Let $n$ be a positive integer that is not a perfect cube. Define real numbers $a,b,c$ by

$a=\root3\of n\kern1.5pt,\qquad b={1\over a-[a]}\kern1pt,\qquad c={1\over b-[b]}\kern1.5pt,$

where $[x]$ denotes the integer part of $x$ . Prove that there are infinitely many such integers $n$ with the property that there exist integers $r,s,t$ , not all zero, such that $ra+sb+tc=0$ .

Proof:

Since $c$ is the "nastiest" of the variables we want to artificially make it nice. A good method to do so would be to force $[b] = 1$ . Let $\{\}$ denote the fractional part of a real number. Since $b = \frac{1}{\{a\}}$ we want $\{a\} > \frac{1}{2}$ so for now assume this to be the case.

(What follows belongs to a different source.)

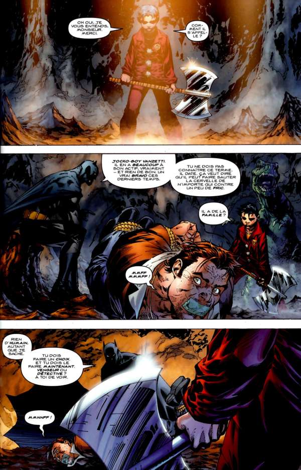 Mise à jour du 11/02/2011: Je reviens sur mon avis puisque je viens d'apprendre que Jim Lee a contacté Mr Miller pour lui annoncer qu'il était à nouveau disponible pour finir "Batman and Robin: The Boy wonder". Pour la petite histoire : Cette série débute en juillet 2005 et sera stoppée en août 2008 après la parution du #10 ! 10 épisodes en 3 ans... Jim Lee a un agenda surchargé et ne souhaite pas bâcler son travail, du coup la série évolue très lentement. Puis Frank Miller annonce à Jim qu'il vaut mieux arrêter... Pour reprendre du bon pied lorsque l'emploi du temps de Mr Lee le permettra. Donc DC annonce fièrement en 2010 que Jim Lee et Frank Miller finiront leur série à partir de février 2011 : des croquis sont déjà disponibles. Donc les 6 épisodes manquants devraient paraître mensuellement à partir de février. A noter que les 9 premiers épisodes forment un « tout » et le 10ème annonce une nouvelle partie qui se termine donc cette année. Les 10 premiers épisodes sont parus de la manière suivante en France : All Star Batman 1 et 2 Superman Batman H.S. 3, 4 et 6. Ce «run » fait partie de l’univers créé dans « The dark knight returns », « Batman year one », « Strikes Again » et « Spawn/Batman ». Avant d’aller plus loin, je tiens à préciser qu’il y a « deux » Batman : 1/ le super héros façon Adam West. 2/ L’être humain torturé par la mort de ses parents et qui se sent vivre uniquement s’il lutte contre le crime. J’ai un penchant pour le 2 mais je comprends parfaitement que cela ne plaise pas à tout le monde. Sachez que l’œuvre de Lee et Miller est à classer dans la deuxième catégorie… Même que certains passages de « All Star Batman » feraient passer « The dark knight returns » pour un conte de fée… Oui ! j’exagère ! Mais quand même... Donc, on retrouve un Batman sombre, torturé et politiquement incorrect par moment. Les deux premiers épisodes sont une relecture de la mort des parents de Dick Grayson, le « futur premier Robin ». Dans la chronologie « Batman par Miller » on se situe donc entre « Batman year one » et « The dark knight returns » . On retrouve ici un Batman plein de vie et très sûr du rôle qu’il a à jouer au sein de Gotham City (contrairement à l’œuvre de 1986 où Batman remet son rôle en question). Cela dit, l’intérêt de cette série se situe dans la relation entre Batman et Robin. Batman applique une méthode d’éducation très… comment dire… sauvage et violente ! Robin est malmené par son « père adoptif » et cela dans l’unique but de le tester : Dick Grayson est un sportif de génie mais a-t-il le mental ? Batman lui amène sur un plateau le meurtrier de ses parents et lui annonce la couleur : « Détective… ou meurtrier ? A toi de choisir ! » Au fur et à mesure que Batman éduque sa « relève », il se rend compte de ses erreurs de mentor… Et c’est là où se situe l’un des points forts de l’histoire : on a sous nos yeux Batman qui mûrit. En observant Dick qui évolue et enchaîne bavure sur bavure, Batman n’a pas le choix et doit ré-affronter également son passé… Et c’est tout simplement magistral ! La puissance dramatique de ce run est exceptionnelle. Et les trois dernières pages de l’épisode 9 laissent sans voix (Encore faut-il se sentir concerner par la mort des parents des personnages). D’ailleurs il s’agit du meilleur épisode… jusqu’à présent ! Le dessin est parfait : cadrage, angle de vue, couleur (à coup de grand renfort Photoshop !) et mise en page sont à couper le souffle ! Quant aux dialogues, c’est jouissif et drôle ! Quand on apprécie le style bien sûr ! Je finirai sur l’apparition du Joker qui est aussi brève qu’intense ! Inoubliable ! Si on ne l’aperçoit que pendant quelques cases au cours de ces 10 premiers épisodes, il aura le premier rôle dans les 6 derniers. Pour l’anecdote, Jim Lee trouvait génial de mettre un tatouage dans le dos du Joker… Et afin de respecter au millimètre ce personnage, Lee a cherché si le Joker a pris une balle dans le dos dans le passé… afin de la reproduire sur ses dessins. Je peux vous assurer que le Joker n’a jamais eu autant de charisme dans un comics ! Je ne me suis pas arrêté sur tous les points forts de cette série : il y en a trop… à vous de les découvrir ! Aux Etats-Unis, cette série a divisé les fans et les critiques en plusieurs groupes : le premier qui a crié au génie en lisant ce comics par Miller et Lee et je fais partie de ceux là, le deuxième groupe qui a vu une occasion pour Miller de se moquer des super-héros tel que Green Lantern ou pire, se moquer des scénaristes responsables des séries impliquant Superman par exemple. Le troisième groupe crie au scandale en voyant des dialogues et un scénario bien trop sombres pour Batman, ils diront « Nous assistons à un nouvel épisode de Sin City incluant Batman » « Le talent de Lee est gâché par un scénariste au plus bas de sa forme ! » Pour ma part, je dirais : « Je n'ai aucune envie que les auteurs nous servent du "Dark knight bis" ou "Un long Halloween bis", je veux du neuf, de la créativité, de l'originalité, des oeuvres qui me fassent rire, pleurer, réfléchir. Et ce "Batman and Robin: The boy wonder" a comblé tous ces points. Alors merci messieurs Lee et Miller et la suite bordel, on a faim !"

Now, let $\alpha = \{a\}$ and $m = [a]$ . We have that $a = m + \alpha$ and $b = \frac{1}{\alpha}$ and $c = \frac{\alpha}{1 - [b]\alpha} = \frac{\alpha}{1 - \alpha}$ . So we want $r(m + \alpha) + \frac{s}{\alpha} + \frac{t\alpha}{1 - \alpha} = 0$ . Multiplying both sides by $\alpha(1 - \alpha)$ we get that $-r\alpha^3 + (r - rm + t)\alpha^2 + (mr - s)\alpha + s = 0$ .

Since we want to figure out what $n$ should be in terms of $m$ we should choose $r, s, t$ so that we can find a $(m + \alpha)^3$ in our equation. So we want to solve the simultaneous set of equations in terms of $m$ :

$-r = -1$ $r - rm + t = -3m$ $mr - s = -3m^2$

Therefore we find that $r = 1, s = 3m^2 + m, t = -2m - 1.$ Plugging these in our equation becomes $m^3 + 3m^2 + m - (m + \alpha)^3 = 0 \Longrightarrow n = m^3 + 3m^2 + m$ . Now we need to check that $\alpha > \frac{1}{2}$ like we assumed but this is clear since $m^3 + 3m^2 + m > \left(m + \frac{1}{2}\right)^3$ for all positive integers $m$ .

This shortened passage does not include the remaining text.